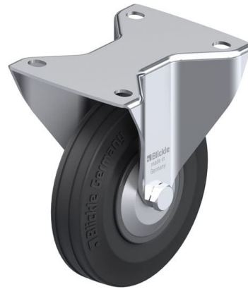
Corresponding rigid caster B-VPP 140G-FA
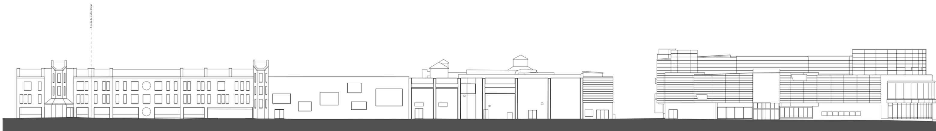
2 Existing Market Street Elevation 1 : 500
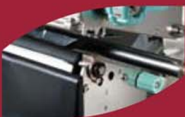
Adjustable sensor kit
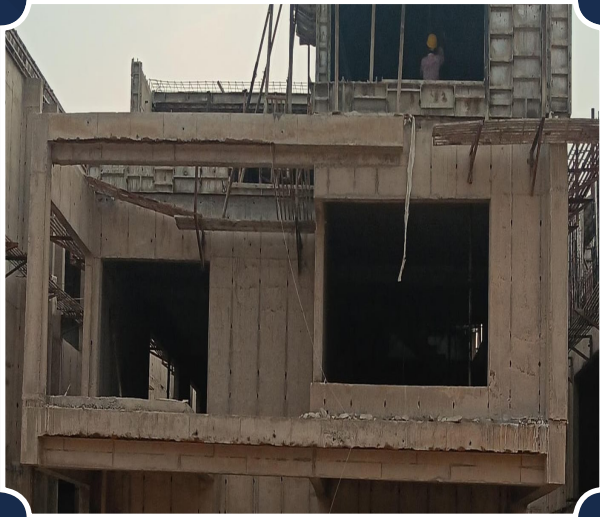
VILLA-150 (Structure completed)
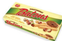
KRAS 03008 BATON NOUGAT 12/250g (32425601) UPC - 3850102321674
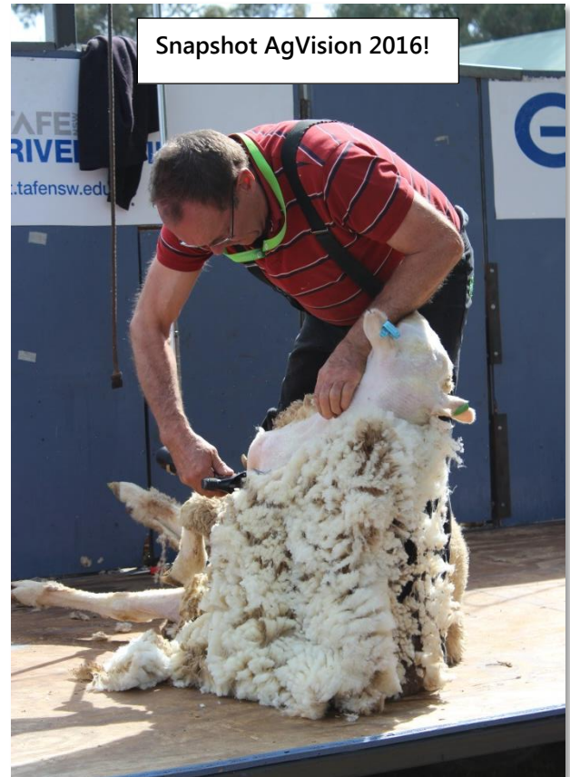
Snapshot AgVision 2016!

Task brief -> In the entries above, find the line containing "2 Existing Market Street Elevation 1 : 500"; transcribe exactly that line and every line after it through the end, and only those, omitting pictures.

Task result ->
2 Existing Market Street Elevation 1 : 500
Adjustable sensor kit
VILLA-150 (Structure completed)
KRAS 03008 BATON NOUGAT 12/250g (32425601) UPC - 3850102321674
Snapshot AgVision 2016!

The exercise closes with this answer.